*** Given records Section Begins ***
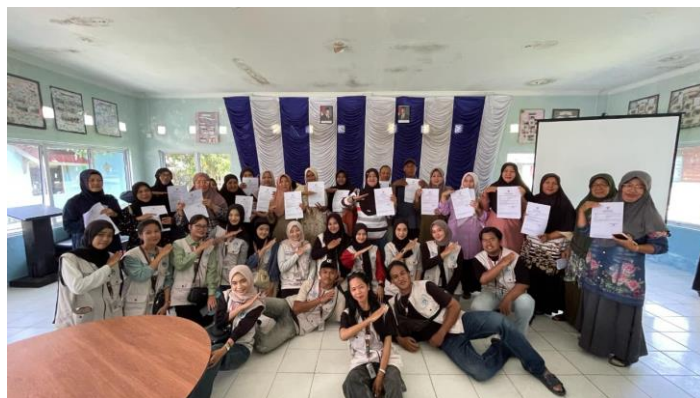
Gambar 2. Sosialisasi UMUM Dalam Proses Penerbitan NIB

Hasil pengabdian menunjukkan bahwa program sosialisasi yang dilakukan mampu meningkatkan pemahaman dan partisipasi pelaku UMKM dalam proses penerbitan Nomor Induk Berusaha (NIB). Hal ini sejalan dengan temuan Ritzer dan Stepnisky (2017) yang menyatakan bahwa sosialisasi efektif dapat mengubah sikap dan perilaku masyarakat terhadap layanan publik. Pelaku UMKM yang sebelumnya kesulitan memahami prosedur kini lebih percaya diri karena metode penyampaian informasi yang interaktif dan pendampingan langsung.
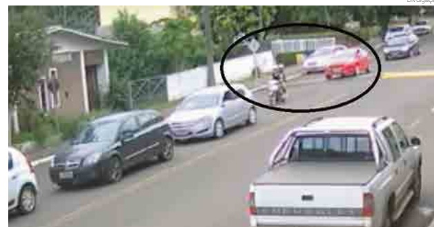
Motorista causador do acidente não parou após congestionamento no cruzamento

Uma mulher de 26 anos sofreu ferimentos leves ao se envolver em um acidente de trânsito no fim da tarde de quinta-feira (14), na Avenida Padre Antônio, em Maravilha. Ela dirigia uma Honda Biz quando foi atingida por um Focus vermelho, conduzido por uma mulher de 62 anos, que lançou a moto para frente. Com o impacto, a moto bateu atrás de um Vectra, que era conduzido por um homem de 27 anos.
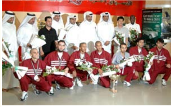
استقبال الأبطال بعد وصولهم مطار الدوحة
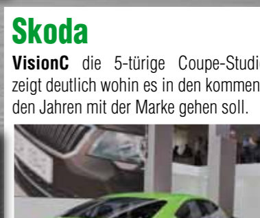
Skoda VisionC die 5-türige Coupe-Studie zeigt deutlich wohin es in den kommenden Jahren mit der Marke gehen soll.
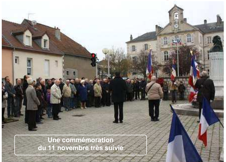
Une commémoration du 11 novembre très suivie
*** Given records Section Ends ***
Exercise: The copy should hold exactly the lines above from the one with "Uma mulher de 26" through the one with "استقبال الأبطال بعد وصولهم مطار الدوحة", both ends counted, and no pictures at all.

Problem solution:
Uma mulher de 26 anos sofreu ferimentos leves ao se envolver em um acidente de trânsito no fim da tarde de quinta-feira (14), na Avenida Padre Antônio, em Maravilha. Ela dirigia uma Honda Biz quando foi atingida por um Focus vermelho, conduzido por uma mulher de 62 anos, que lançou a moto para frente. Com o impacto, a moto bateu atrás de um Vectra, que era conduzido por um homem de 27 anos.
استقبال الأبطال بعد وصولهم مطار الدوحة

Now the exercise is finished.